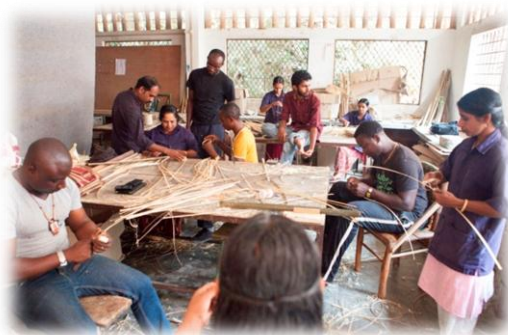
Training in workshop

In January this year, the local government partnered with Springboard to train five ex-political violent youth on bamboo craftsmanship in India. This was carried out to create meaningful and responsible jobs for them and put an end to the crime these youth have long engaged with. Also, this will help to add value to several species of bamboo wasting away in the community. Over 1000 functional and decorative products can be generated from bamboo. In the coming weeks, the local government will be working with us to raise funds towards establishing a bamboo cluster where these youth will make their bamboo products and also train others in bamboo craftsmanship. During the 5 weeks training, students learnt to make bamboo- chair, pen, bed, lampshade, solar torch, masks, key chain, etc. The pictures below show some training activities and products made.
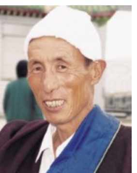
Status: * Frontier Unreached Evangelicals: 0.00% Chr Adherents: 0.00%
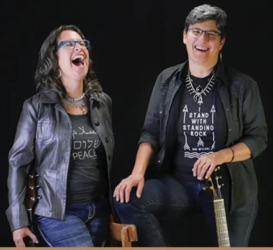
Visit Us in the Exhibit Hall UUWF: #105 Emma's Revolution: #509

featuring live music by Emma's Revolution with their fabulous Bay Area band
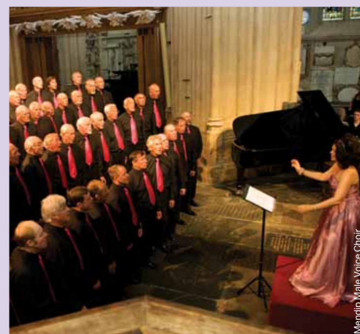
Mendip Mitea Voice Choir

■ What the task requires
Return only the lines from the one containing "featuring live music" through the last line of the entries above, exactly as written and without pictures.

■ Answer space
featuring live music by Emma's Revolution with their fabulous Bay Area band
Mendip Mitea Voice Choir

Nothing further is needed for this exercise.